■ Work request
Write the listing below out again word for word, without a single picture.

■ Provided material

_ _ _ _ _ _ _

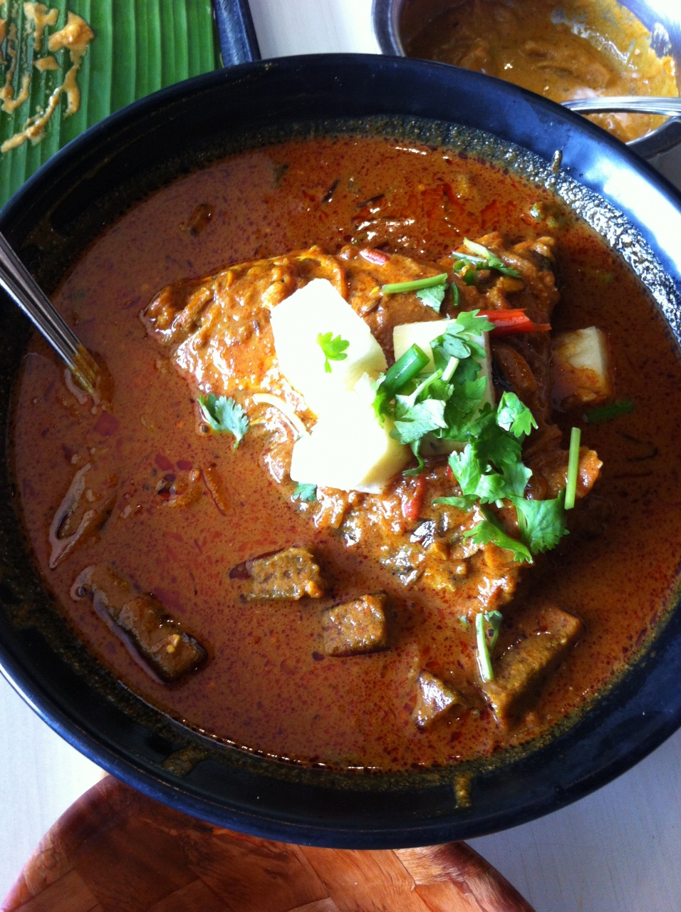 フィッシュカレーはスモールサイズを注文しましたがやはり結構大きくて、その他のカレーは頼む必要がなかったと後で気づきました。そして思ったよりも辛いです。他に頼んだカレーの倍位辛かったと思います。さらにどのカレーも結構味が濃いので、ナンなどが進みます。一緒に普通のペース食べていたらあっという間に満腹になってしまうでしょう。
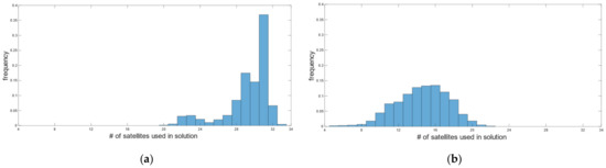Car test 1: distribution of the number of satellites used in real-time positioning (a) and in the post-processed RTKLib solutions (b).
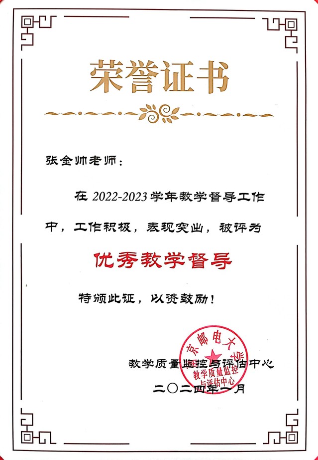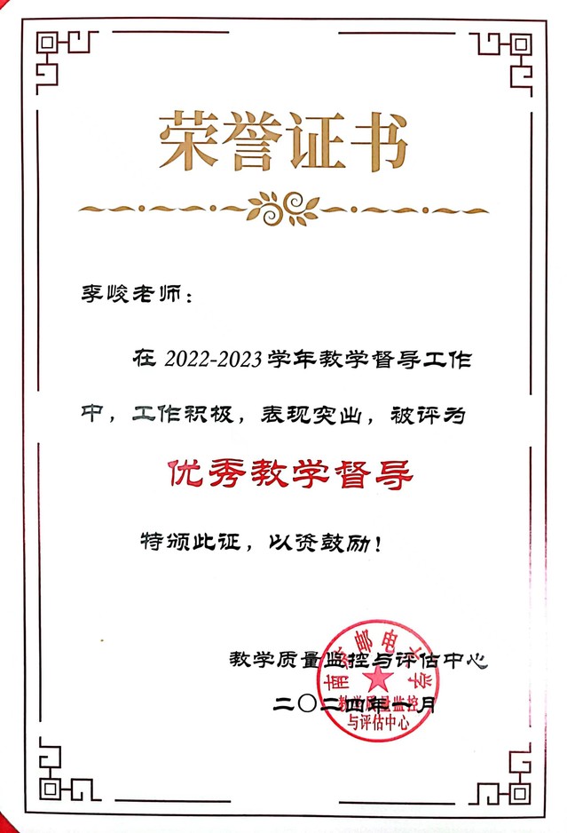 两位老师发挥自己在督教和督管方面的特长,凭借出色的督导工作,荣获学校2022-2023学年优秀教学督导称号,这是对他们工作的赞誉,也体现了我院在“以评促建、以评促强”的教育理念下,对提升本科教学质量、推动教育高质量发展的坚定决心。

_ _ _ _ _ _ _

■ Response box
 フィッシュカレーはスモールサイズを注文しましたがやはり結構大きくて、その他のカレーは頼む必要がなかったと後で気づきました。そして思ったよりも辛いです。他に頼んだカレーの倍位辛かったと思います。さらにどのカレーも結構味が濃いので、ナンなどが進みます。一緒に普通のペース食べていたらあっという間に満腹になってしまうでしょう。
Car test 1: distribution of the number of satellites used in real-time positioning (a) and in the post-processed RTKLib solutions (b).
 两位老师发挥自己在督教和督管方面的特长,凭借出色的督导工作,荣获学校2022-2023学年优秀教学督导称号,这是对他们工作的赞誉,也体现了我院在“以评促建、以评促强”的教育理念下,对提升本科教学质量、推动教育高质量发展的坚定决心。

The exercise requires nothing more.